“I Want a F***!”

Written By

Rashmi Deb

Wellness - Childcare - I want an F___-21 Loading

“I want a f***! I want a f***,” screamed Jasmine, my 18 month old at the dinner table.  “What the hell is going on?” asked my husband looking at me accusingly. Of course, if a swear word was involved, it had to be MY fault.  “What’s a f***?”asked my 4 and a half year old. I rushed to give Jasmine a fork, yes a fork,  that’s what she wanted, while assuring everybody that Jasmine was trying her hardest to speak properly but her words might not always make sense.  Trust me, I was very tempted to shout out in the midst of this mayhem that a f*** was what got me in this mess in the first place.

Goodness, what happened?! All my notions of motherhood had been so rosy. I’d be mother Earth, I would be the gentlest, kindest woman on the face of this Earth.
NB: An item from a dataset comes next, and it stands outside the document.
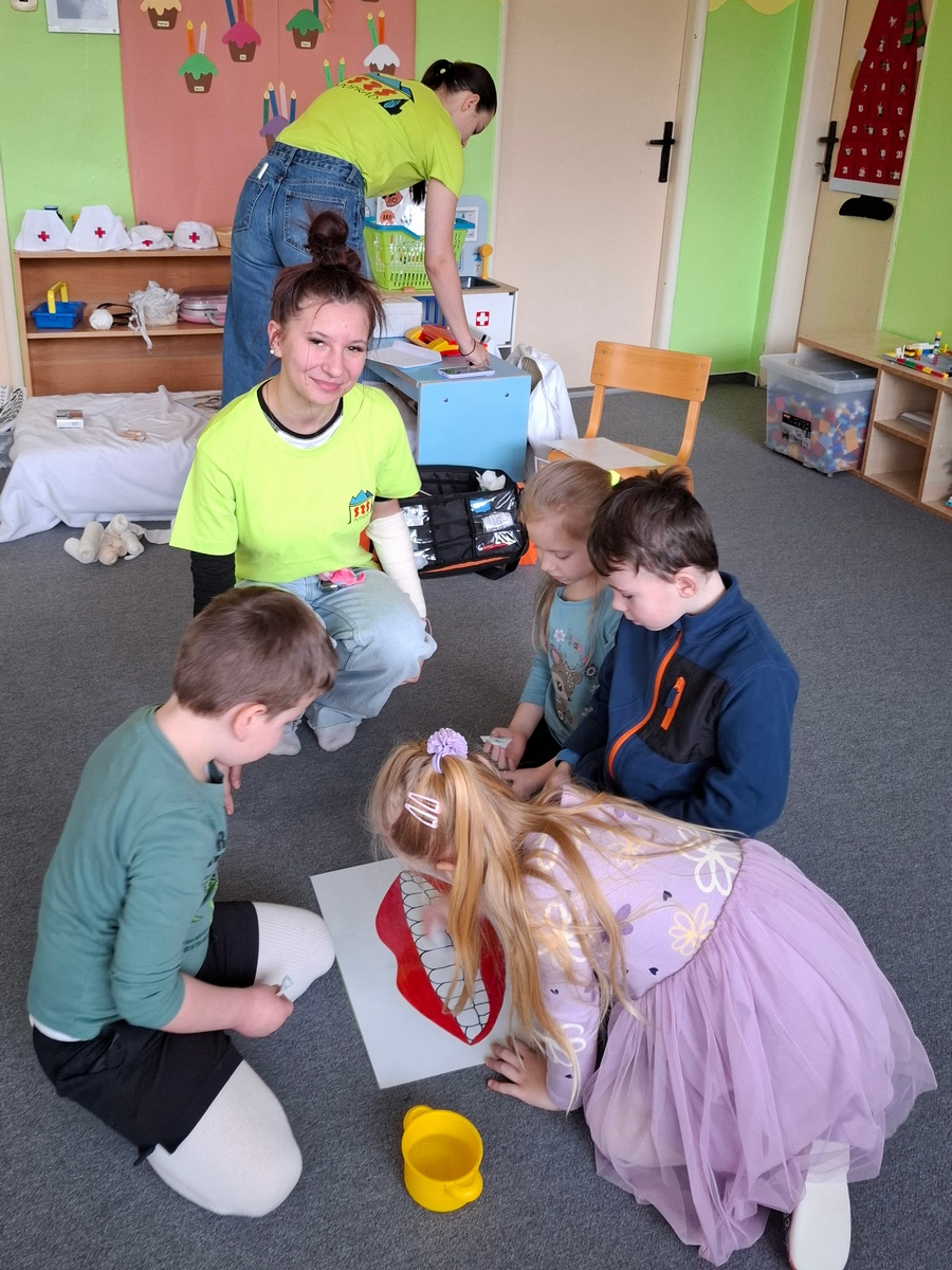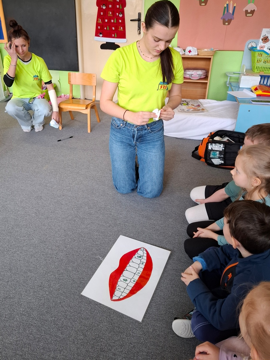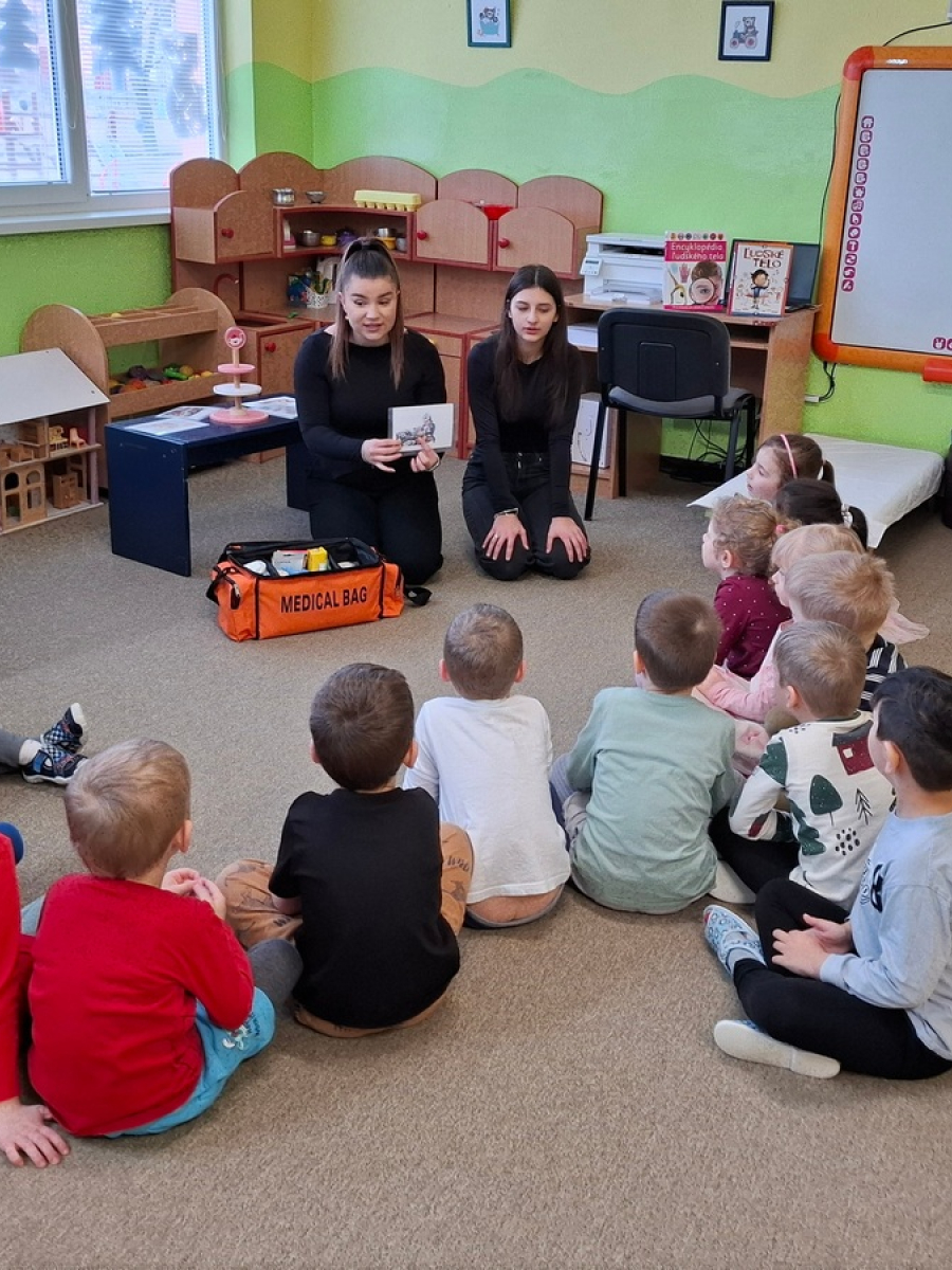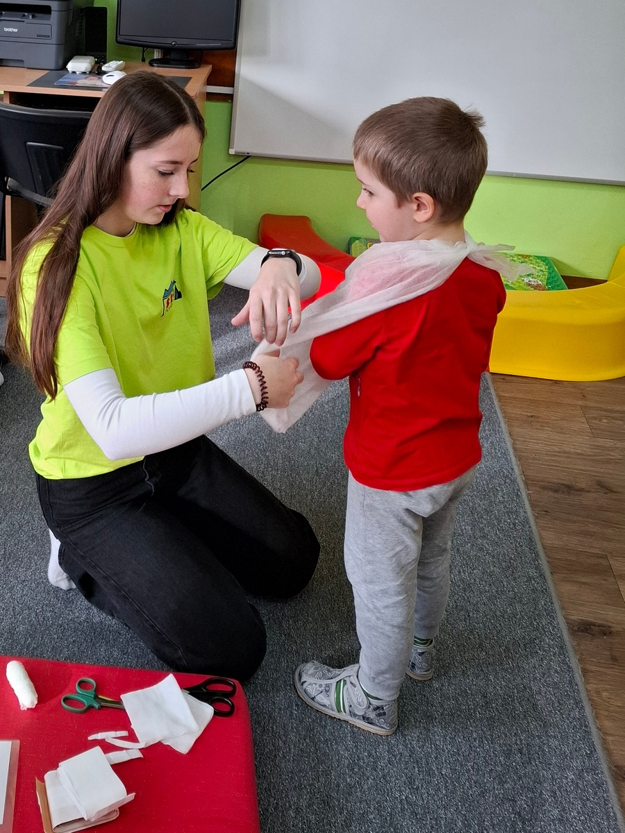 Dnešný deň 7.2.2025 bol pre nás výnimočný, akoby sme sa vrátili v čase. 9 našich žiačok z 2.B a 3.B triedy boli navštíviť malých drobcov v MŠ Mládeže 2, ktorým sprostredkovali prvý kontakt s ošetrením drobných rán. Deťom sa to veľmi páčilo a nám tiež.
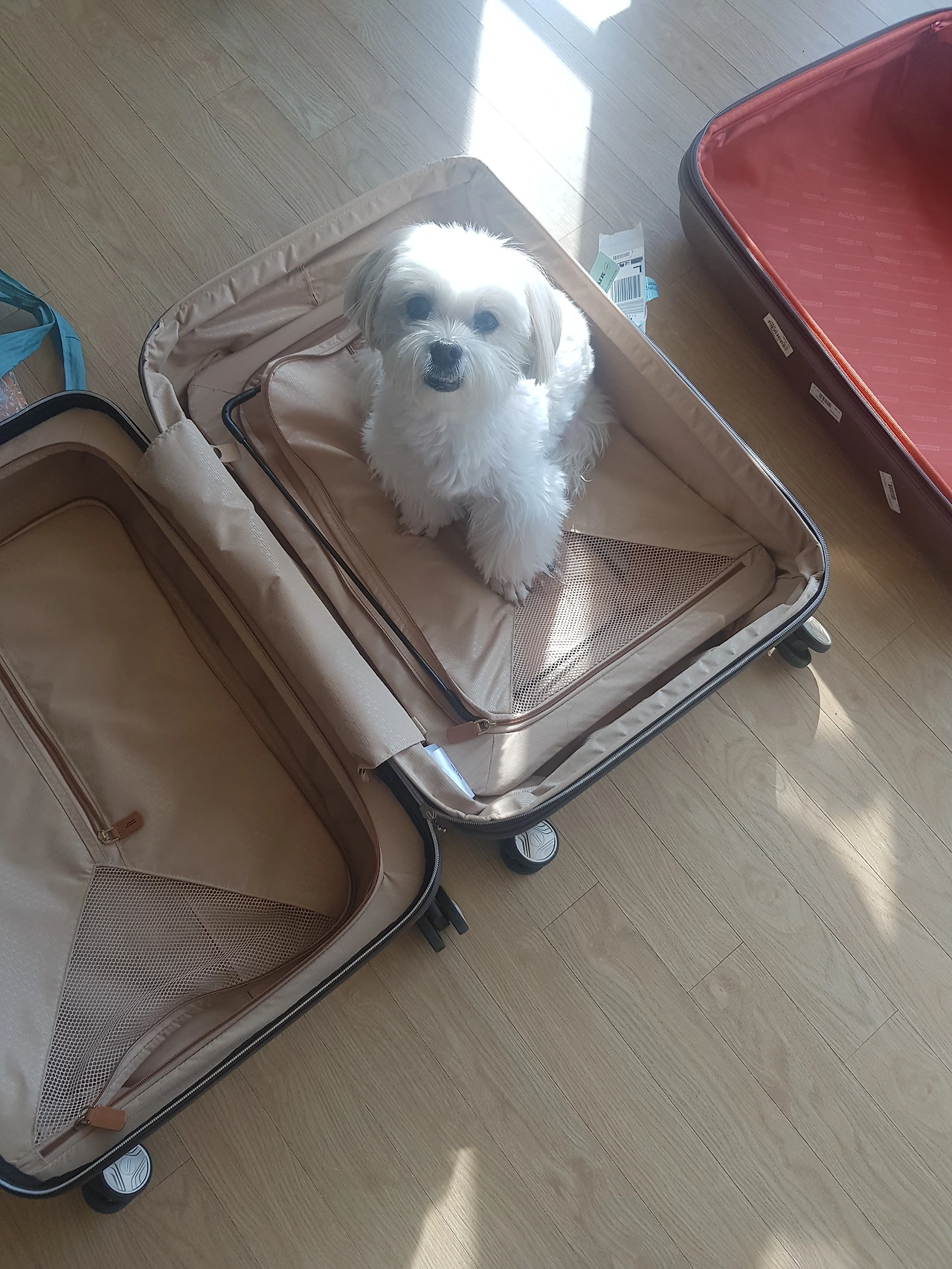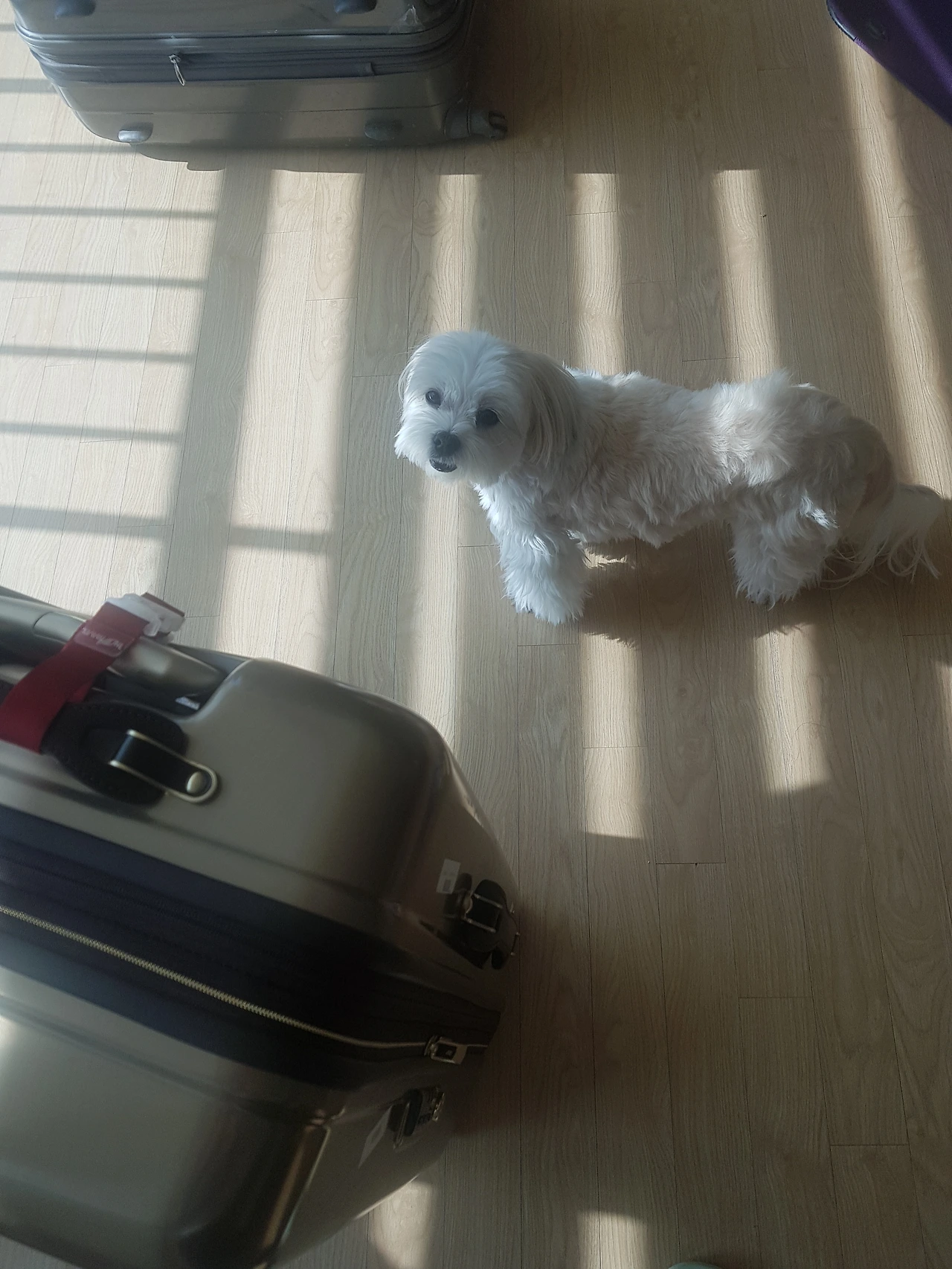 쿠키는 여행가방을 보면 꼬리가 내려가고 슬픈 표정이 된다. 가족들이 일 년에 두어 번은 여행 가느라 병원에서 운영 중인 애견호텔에 맡겨진 적이 종종 있었다.

My children would revere me and have an abundance of wonderful stories of their happy childhood which they would narrate to everyone as happy, contented, mature adults. In short, back then I had loads of time on hand, I had an overactive imagination, and overall I had no clue.

Post two children with pretty crap pregnancies and births, there’s this continuous feeling of wonder at how such little beings can produce so much work — the bubble has burst and the cookie has crumbled. Forget growing our own fruit and veg in the back garden (this is in continuation of the mother Earth theme) I’m lucky if I manage to grow my hair.  My lovely locks had been brutally hacked off after my 3 month old son decided to chew on strands of it and then dutifully produce it in his daily poo.  The result, I convinced myself — was chic, but in reality, was the horrendous ‘boy cut’, of the ‘modern’ Indian girl of the 80s. My husband muttered, “At least we won’t be having any more children with that haircut.”

Now we have two children, oh yes. I barely manage to get anywhere on time. (I’m eternally thankful for the friends who have not moved on after having been kept waiting for hours on, endlessly) I constantly feel rushed, am hugely disorganised and I order my family around — a very unattractive trait.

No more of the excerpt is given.